London, England (CNN) -- The origins of Cadbury can be traced to a grocery store opened by a young Quaker in the industrial city of Birmingham, central England, in 1824.
John Cadbury's religious faith meant that he disapproved of alcohol so he began selling tea and coffee as alternatives and began experimenting with formulas for drinking chocolate, using a pestle and mortar to break up the cocoa beans and adding ingredients such as treacle and starches.
Cadbury's experiments paid off. In 1831 he bought a factory and established himself as a drinking chocolate manufacturer. In 1847 his brother Benjamin joined the business and two years later the brothers started selling Cadbury's first solid chocolate.
John Cadbury retired in the early 1860s, handing control over to his sons, Richard and George. The brothers introduced novel cocoa-pressing methods from the Netherlands and also established the company's headquarters at Bournville, just outside Birmingham.
Reflecting the family's Quaker beliefs, by the end of the 19th century Bournville had been developed into a "model village" where workers were provided with affordable housing, pension schemes and medical care -- and alcohol was tightly restricted.
By the early 20th century chocolate manufacturers were trying to imitate the smooth taste of Swiss chocolate, which was made using condensed milk.
Cadbury launched its first milk chocolate bar in 1897 but the company's real breakthrough came with the launch of Dairy Milk in 1905 -- Cadbury's signature brand to this day. The bar was sold in large slabs divided into squares which could be broken down into penny bars.
By the 1920s Dairy Milk dominated the British confectionary market. Popular Dairy Milk-derived products included the Milk Tray variety box and the Flake and Crunchie bars.
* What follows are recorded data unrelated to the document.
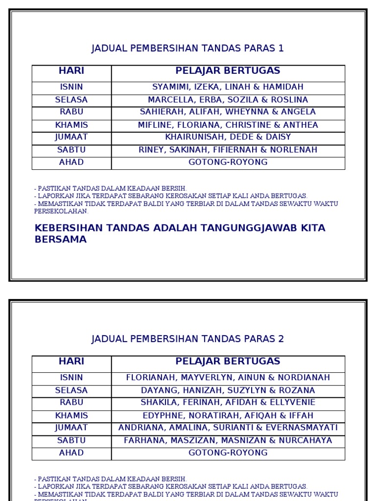 Selamat Datang Ke Bilik Akses Pusat Sumber Pra U Smkdpb Jadual Bertugas Rakan Akademik Junior. 12 12 found this document not useful Mark this document as not useful. Sebenarnya isu kebersihan tandas merupakan sesuatu yang serius yang perlu kita semua ambil.
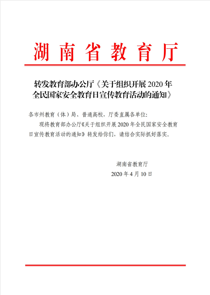 1.转发教育部办公厅关于组织开展2020年全民国家安全教育日宣传教育活动的通知
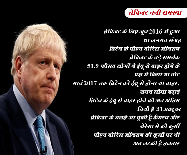 नई दिल्ली जागरण स्पेशल। ब्रेक्जिट की अंतिम उलटी गिनती शुरू हो चुकी है। ब्रिटेन के यूरोपीय संघ से अलग होने के लिए 31 अक्टूबर आखिरी दिन है। यदि यूरोपीय संघ (European Union) से किसी तरह की सहमति नहीं बन सकी तो ब्रिटेन ईयू से बिना समझौते के अलग हो जाएगा। गौरतलब है कि ब्रेक्जिट (Brexit) की वजह से अब तक दो प्रधानमंत्रियों को अपने पद से हाथ धोना पड़ा है। इनमें पहले डेविड कैमरन हैं तो दूसरी थेरेसा मे हैं। अब बॉरिस जॉनसन भी इसी राह पर आगे बढ़ रहे हैं। माना जा रहा है कि जॉनसन भी इसी फहरिस्त के तीसरे व्यक्ति हो सकते हैं। बहरहाल, आगे बढ़ने से पहले आपको बता दें कि जून 2016 में जनमत संग्रह कराने के बाद यह तय हुआ था कि ब्रिटेन ईयू से अलग होगा। इसके लिए 51.9 फीसद लोगों ने ईयू से बाहर होने के पक्ष में वोट दिया था।मार्च 2017 से मार्च 2019 तक ब्रिटेन को सभी प्रक्रियाओं को पूरा कर ईयू से बाहर होना था। तय समय के बीच यह संभव नहीं हो सका जिसके बाद इसके लिए 31 अक्टूबर की आखिरी तारीख तय की गई थी।
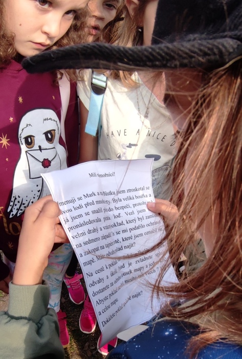 Úvod > Stránky tříd 25/26 > Archiv třídy > Rok 2022/2023 > 3.A > Fotogalerie 3. A > ŠP - Rozhledna Klobouk, nalezení tajemné zprávy
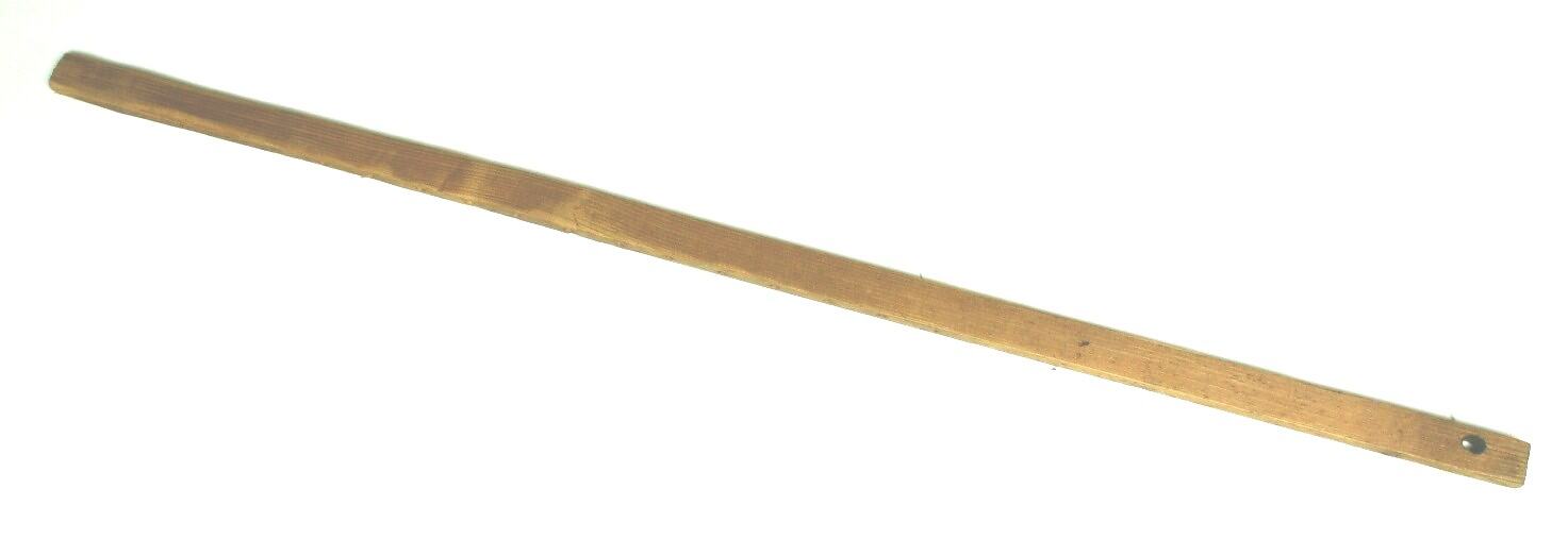 Thin, flat, rectangular wooden stick with 18 holes drilled through the side. The holes are not placed along the entire length of wood. The end where there are no side holes features a larger hole drilled through the top.
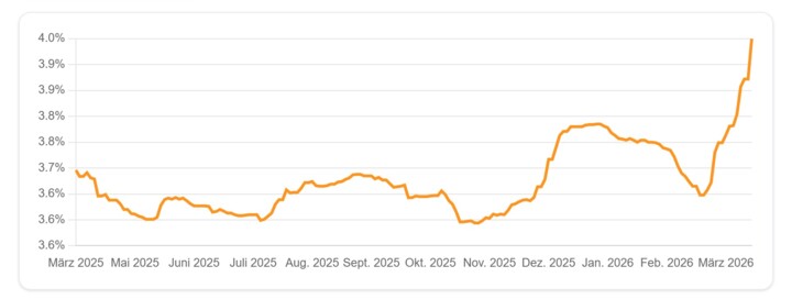 Tatsächlich haben die Zinsen für zehnjährige Baufinanzierungen innerhalb eines Monats um fast 0,3 Prozentpunkte zugelegt. Laut Biallo Baugeld-Index lagen sie Ende Februar effektiv noch bei 3,67 Prozent. Derzeit sind es 3,95 Prozent (siehe Grafik). Das ist der höchste Stand seit Ende 2023.
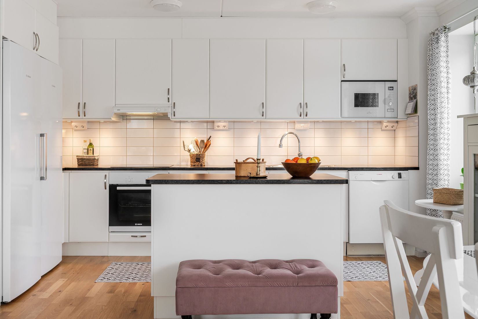 Redan vid ankomst märks det genomtänkta boendet. Du parkerar bekvämt i garaget i källarplan och tar hissen hela vägen upp till lägenheten. Väl innanför dörren möts du av en rymlig hall med parkettgolv, två garderober samt en praktisk klädkammare – här finns gott om plats för ytterkläder, skor och förvaring som förenklar vardagen. Kök och vardagsrum ligger i öppen och luftig planlösning med fönster i två väderstreck som ger ett fint ljusinsläpp. Köket är modernt och stilrent med vita släta skåpsluckor, köksö och full maskinell utrustning med kyl och frys i fullhöjd, inbyggd ugn och mikro, induktionshäll, fläkt samt diskmaskin. Här finns gott om arbetsytor och plats för både matbord och en bekväm soffgrupp. Från vardagsrummet når du den inglasade balkongen i österläge – en skyddad plats att njuta av morgonkaffet stora delar av året. Lägenheten erbjuder tre välplanerade sovrum samlade i en lugn del av bostaden, samtliga med parkettgolv och fint ljus. Master bedroom har egen klädkammare och utsikt mot föreningens trevliga innergård – ett rofyllt läge för vila och återhämtning. Det helkaklade duschrummet är modernt och funktionellt med klinkergolv och behaglig golvvärme, dusch med vikbara glasväggar, wc, tvättställ, handdukstork samt både tvättmaskin och torktumlare – allt för att underlätta vardagen. Därutöver finns även en stilren gästtoalett.

From 1920 Dairy Milk was sold in its now-distinctive purple packaging and a year later the distinctive Cadbury signature became the company's logo.
In 1969, Cadbury merged with drinks maker Schweppes with the new company expanding into the U.S. soft drinks market, still under the control of a succession of Cadbury scions.
In the UK, Cadbury's position as the country's favorite chocolate manufacturer -- and purveyor of Easter eggs -- remained unchallenged with products such as Creme Egg, Curly Wurly and Wispa joining the ranks of Cadbury classics.
Since the 1980s the company had sought to extend its reach overseas, becoming the world's biggest confectionary group when it bought the U.S. Adams chewing gum business in 2003 for $4.2 billion.
Cadbury and Schweppes demerged under shareholder pressure in 2008 but the company remains a global player, employing around 45,000 people in 60 countries, including around 5,700 staff at eight manufacturing sites in the UK and Ireland.
In September 2009, Cadbury became the subject of a surprise takeover bid launched by American food giant Kraft, prompting demonstrations among Cadbury employees and "Keep Cadbury British" campaigns backed by trade unions, lawmakers and British consumers.
Members of the Cadbury family, which had remained at the helm until the mid-1990s but no longer owned enough shares to determine the fate of the company, also called for Cadbury's independence to be defended.
Cadbury's board dismissed the initial approach and a sweetened $16.4 billion offer in November as "derisory." But on January 19 2010 the board said it had accepted an offer worth $21.8 billion and agreed to recommend the deal to shareholders.